In the Summer of 2020, a mint green coffee cart appeared in Williamsburg’s McCarren park near the Greenpoint entrance — directly across the street from a Starbucks.
It was cute, and, at least to me, appeared to be a new independent coffee place. A few months later, when I saw that the cart’s parent company, Blank Street, had raised venture funding, I didn’t get it. Why on earth does a coffee cart need venture funding? Even upon finding out it was a chain, the math just didn’t make sense to me. Venture capitalists don’t generally seem to like brick-and-mortar businesses. Nor do they like asset-heavy companies. This looked like both.

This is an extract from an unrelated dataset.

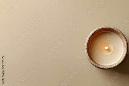 Handmade soy candle in a earthy pot arrangement.

But Blank Street claims to have cracked the code on how to make a chain of more than 65 physical coffee shops have the right metrics to attract venture capitalists. They just closed on a fresh $26.8 million amid a year where fundraising has taken a nosedive — even for companies with low overhead costs.
Blank Street was founded in 2020 by Vinay Menda and Issam Freiha who previously co-founded Reshape Ventures. Reshape invests in tech-enabled businesses that need real estate to scale, according to Crunchbase. The pair adopted their own thesis to try to fix the issue of consumers wanting better coffee but not wanting the higher prices usually associated with it.
Of course, Blank Street isn’t the first VC-backed coffee shop. Luckin, Blue Bottle and CafeX came before it. But for Menda and Freiha the key to doing this was to create a business model that leaned on scale — over everything else.